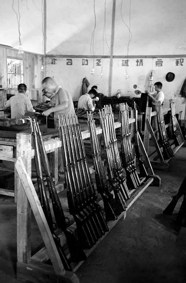 1950年,台湾, 工人生产使用美国弹药的日式步枪。
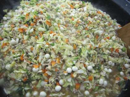 豚肉・いか・にんじん・白菜・しょうが・うずら卵・たけのこ・しいたけが入りました。
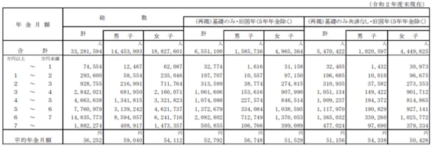 国民年金の平均月額や月額ごとの受給者人数を見ていきましょう。
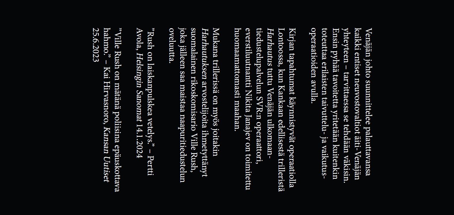 Mukana trillerissä on myös joitakin Harhautuksen arvostelijoita ihmetyttänyt suomalainen rikoskomisario Ville Rush, joka jälleen saa maistaa naapuritiedustelun oveluutta.
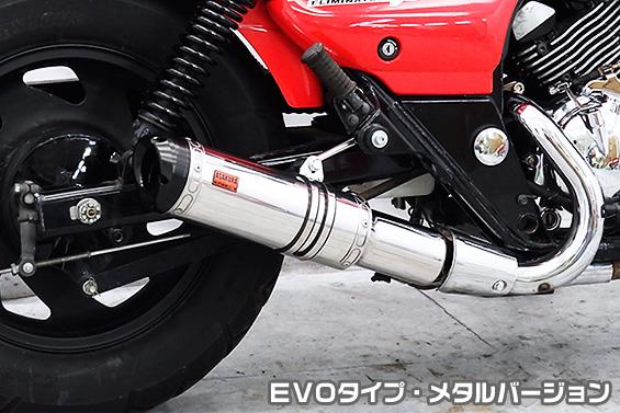 こちらの商品は前期用商品となります。(エキパイ接続部分の形状が異なり、前期・後期それぞれ専用品となりますのでご注文の際にはお間違いの無いようよくご確認下さい。)お客様の車両をご確認いただいた上でご注文お願いいたします。※平成22年4月1日より施行された認証制度に適合する認証マフラーではありません。※ サイレンサー部分だけ取り替えるスリップオンタイプの商品です。ご理解の程よろしくお願い致します。メタルバージョンはSUS304ステンレスをバフ磨きでピカピカに仕上げています。アルミ素材から削り出したビレットタイプのエンドに、ブラックアルマイト処理を施したEVOタイプ消音用のバッフルが2個装備されているダブルバッフル仕様となっており、バッフル無し、バッフル1個装着、バッフル2個装着と3種類の排気音を選べるサウンドセレクトスタイルになっています。バッフルはSUS304ステンレスタイプ(EVOタイプはプレートタイプ)とアルミタイプの2種類のバッフルが装備されています。音量はバッフル2個装着時の排気音量が 約88db(法定規制値内音量)、バッフル1個装着時の排気音量が 約90db、バッフル非装着時の排気音量が 約92db です。サイレンサーは、2点止めになっていますのでしっかりと固定でき、耐久性にも優れています。無加工ボルトオンにて装着できますので、必要な工具があれば簡単に取り付けできます。サイレンサーバンドにはスリットタイプを採用してデザインにもこだわっています。サイレンサーの固定にはサイレンサーバンドを採用し、バフ仕上げを施したSUS304ステンレス製丸棒で組んだステーを介して固定しておりますので、従来のステーの固定より車体と調和した高級感あふれるマフラーです。
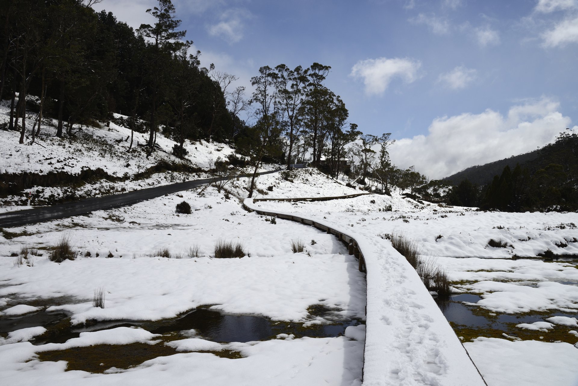 Cradle Mountain 搖籃山國家公園鴿子湖畔小徑,積雪一片。
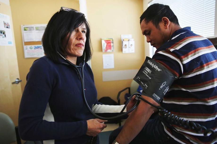 Bác sĩ đo huyết áp cho một người tị nạn từ Myammar tại TP Fort Collins, bang Colorado (Mỹ). Ảnh: GETTY IMAGES
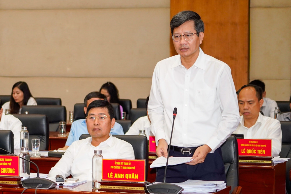 Đồng chí Bí thư Thành ủy cũng đề nghị cần quan tâm hơn nữa, chủ động hơn nữa trong xây dựng Đề án đào tạo nghề trên địa bàn thành phố đáp ứng yêu cầu công nghiệp hóa, hiện đại hóa thành phố; rà soát tổng thể hoạt động của các nhà máy nước mini, đề xuất giải pháp giải quyết dứt điểm tình trạng cấp nước không bảo đảm vệ sinh; giành ưu tiên các nguồn vượt thu, thưởng vượt thu cho nhiệm vụ đầu tư, nâng cấp đi vào hoạt động ít nhất 01 bệnh viện tuyến huyện hoặc bệnh viện khu vực; tăng cường chỉ đạo bám sát các cơ quan Trung ương liên quan, đẩy nhanh tiến độ thực hiện công tác chuyển giao một số cơ sở nhà, đất của các Bộ, ngành Trung ương về thành phố để thu hút đầu tư, phát triển du lịch tại quận Đồ Sơn; có phương án tổng thể bảo tồn và phát huy giá trị di sản thiên nhiên thế giới Vịnh Hạ Long-Quần đảo Cát Bà, vừa bảo đảm phát huy hết tiềm năng du lịch, vừa bảo đảm bảo vệ di sản thiên nhiên Cát Bà; tiếp tục thực hiện nhiệm vụ cải cách thủ tục hành chính trong Đảng…
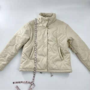 NWOT Forever 21 Beige Neutral Vegan Faux Leather Puffer Jacket Boxy Short S
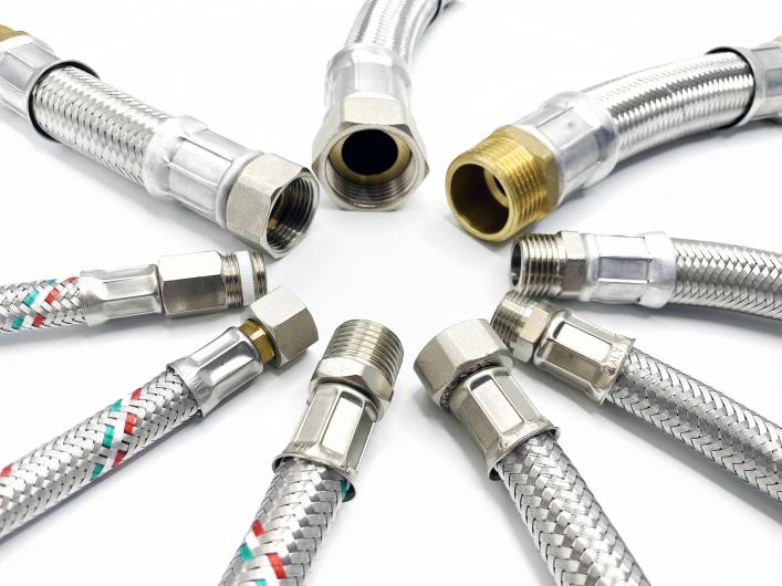 High quality standards, with brass fittings and Inox stainless steel external braid.
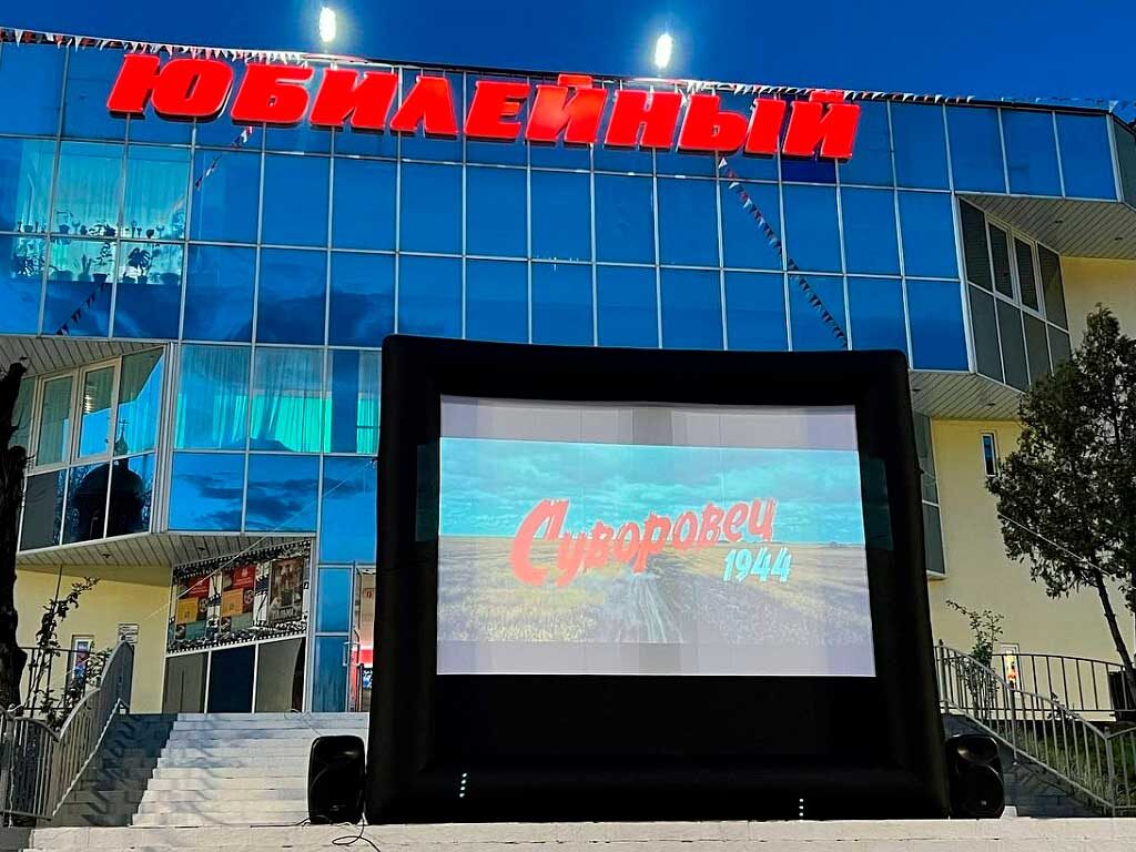 Серия киносеансов стартовала на площади перед ГДК «Юбилейный» в микрорайоне «Донской», где зрителям представили картину «Суворовец 1944».
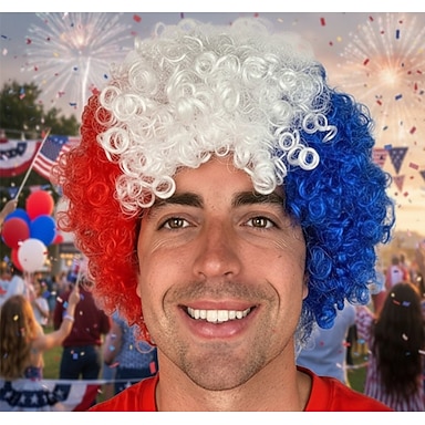 Perruques bouclées du 4 juillet rouge blanc et bleu perruque bouclée naturelle résistante à la chaleur synthétique pour cosplay fête costume
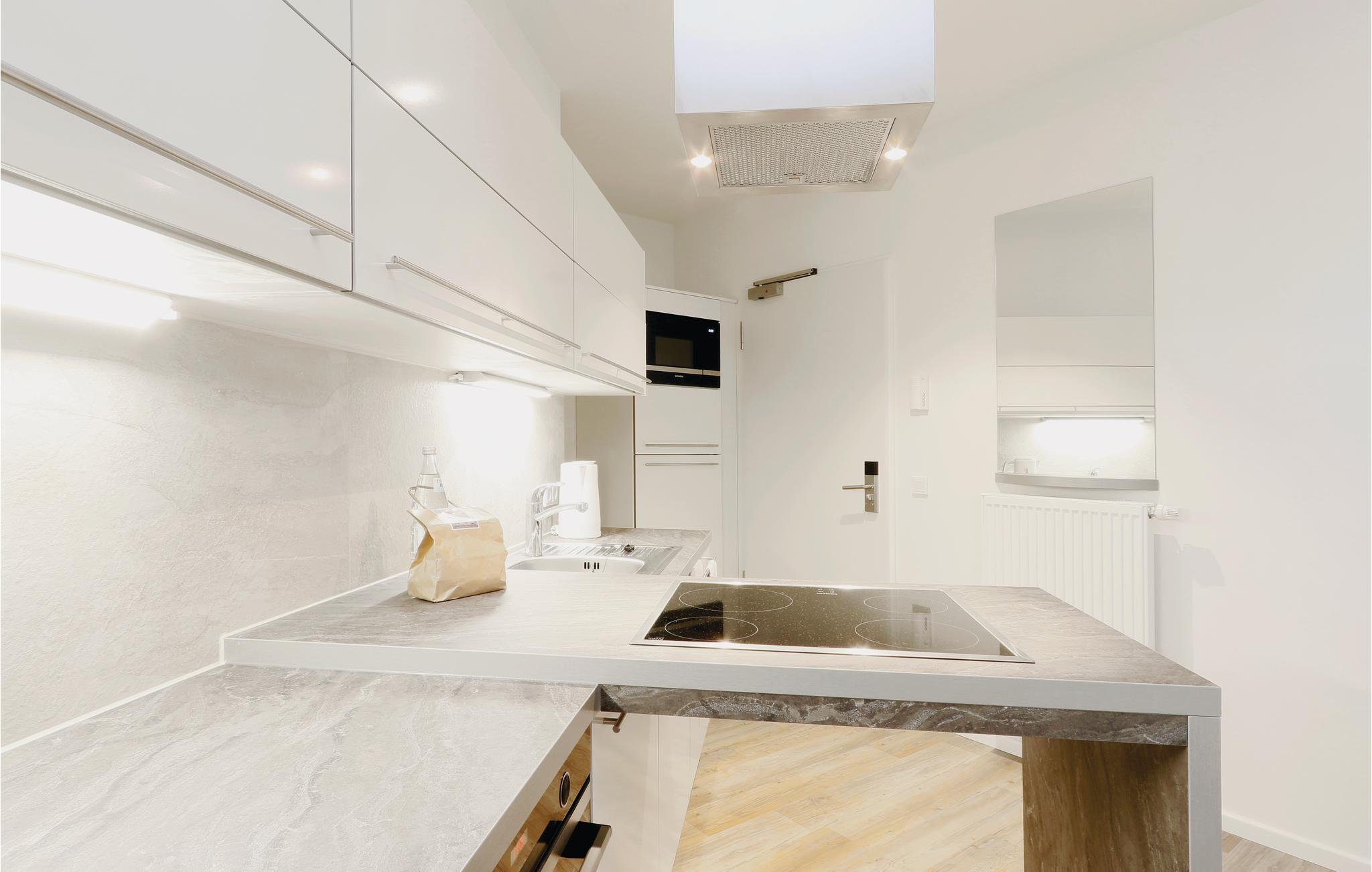 Det moderna pentryt erbjuder tillräckligt med utrymme för matlagning och är utrustat med högkvalitativa märkesapparater. Här hittar doftälskare en Nespressomaskin (ta med egna kapslar) samt en termosflaska och ett handfilter för hemmabryggning, om du trots allt föredrar det klassiska filterkaffet.
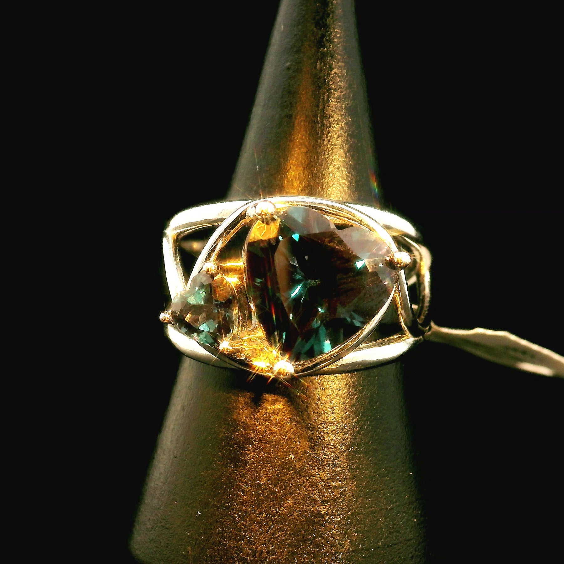This gorgeous color changing ring is not only beautiful but the properties are amazing it has healing energy to calm us when we get overwhelmed or worked up it helps self-confidence and self-esteem. Alexandrite brings good luck and good fortune it guides intuition and allows you to see both sides of any argument its great for healing broken relationships and showing you how to enjoy life more.
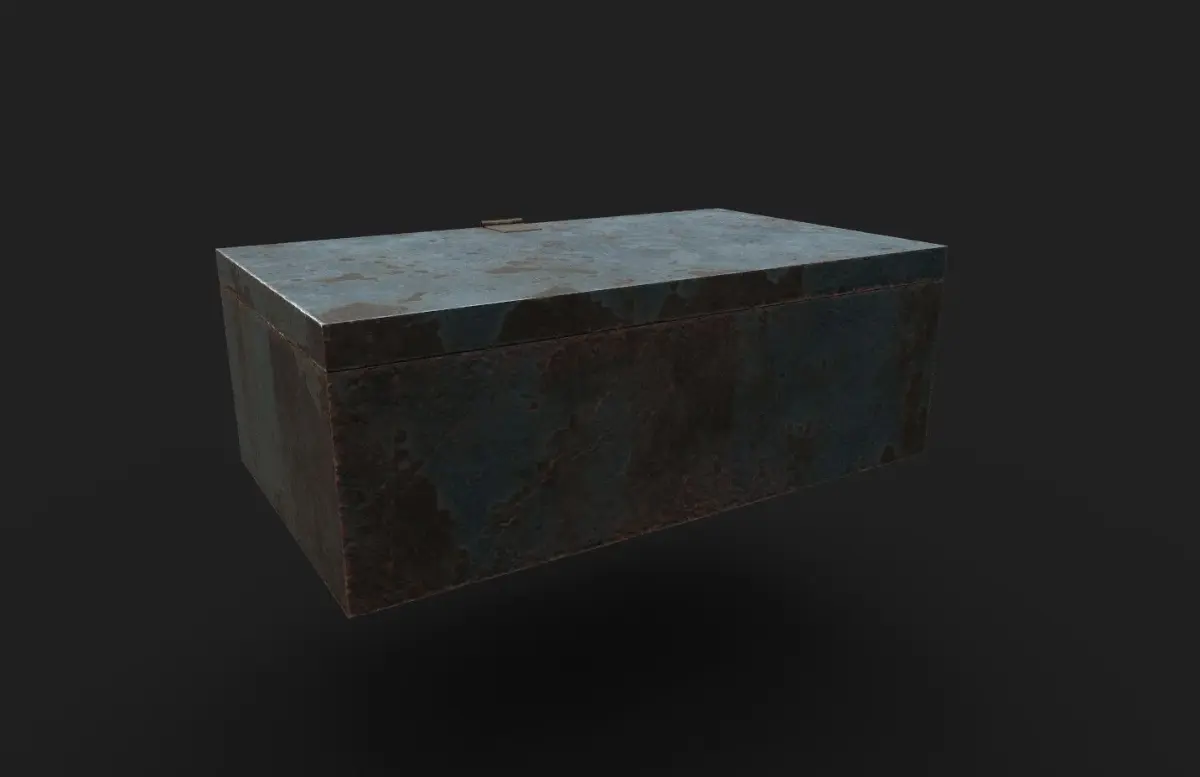 3D Low-poly Old Metal Box modeled in Maya and textured in Substance Painter, ready for games.

•••

# YOUR ASSIGNMENT
The required output is the exact lines from the opening line of the entries through the line with "Bác sĩ đo huyết", inclusive, without pictures.

# RESPONSE
 1950年,台湾, 工人生产使用美国弹药的日式步枪。
 豚肉・いか・にんじん・白菜・しょうが・うずら卵・たけのこ・しいたけが入りました。
 国民年金の平均月額や月額ごとの受給者人数を見ていきましょう。
 Mukana trillerissä on myös joitakin Harhautuksen arvostelijoita ihmetyttänyt suomalainen rikoskomisario Ville Rush, joka jälleen saa maistaa naapuritiedustelun oveluutta.
 こちらの商品は前期用商品となります。(エキパイ接続部分の形状が異なり、前期・後期それぞれ専用品となりますのでご注文の際にはお間違いの無いようよくご確認下さい。)お客様の車両をご確認いただいた上でご注文お願いいたします。※平成22年4月1日より施行された認証制度に適合する認証マフラーではありません。※ サイレンサー部分だけ取り替えるスリップオンタイプの商品です。ご理解の程よろしくお願い致します。メタルバージョンはSUS304ステンレスをバフ磨きでピカピカに仕上げています。アルミ素材から削り出したビレットタイプのエンドに、ブラックアルマイト処理を施したEVOタイプ消音用のバッフルが2個装備されているダブルバッフル仕様となっており、バッフル無し、バッフル1個装着、バッフル2個装着と3種類の排気音を選べるサウンドセレクトスタイルになっています。バッフルはSUS304ステンレスタイプ(EVOタイプはプレートタイプ)とアルミタイプの2種類のバッフルが装備されています。音量はバッフル2個装着時の排気音量が 約88db(法定規制値内音量)、バッフル1個装着時の排気音量が 約90db、バッフル非装着時の排気音量が 約92db です。サイレンサーは、2点止めになっていますのでしっかりと固定でき、耐久性にも優れています。無加工ボルトオンにて装着できますので、必要な工具があれば簡単に取り付けできます。サイレンサーバンドにはスリットタイプを採用してデザインにもこだわっています。サイレンサーの固定にはサイレンサーバンドを採用し、バフ仕上げを施したSUS304ステンレス製丸棒で組んだステーを介して固定しておりますので、従来のステーの固定より車体と調和した高級感あふれるマフラーです。
 Cradle Mountain 搖籃山國家公園鴿子湖畔小徑,積雪一片。
 Bác sĩ đo huyết áp cho một người tị nạn từ Myammar tại TP Fort Collins, bang Colorado (Mỹ). Ảnh: GETTY IMAGES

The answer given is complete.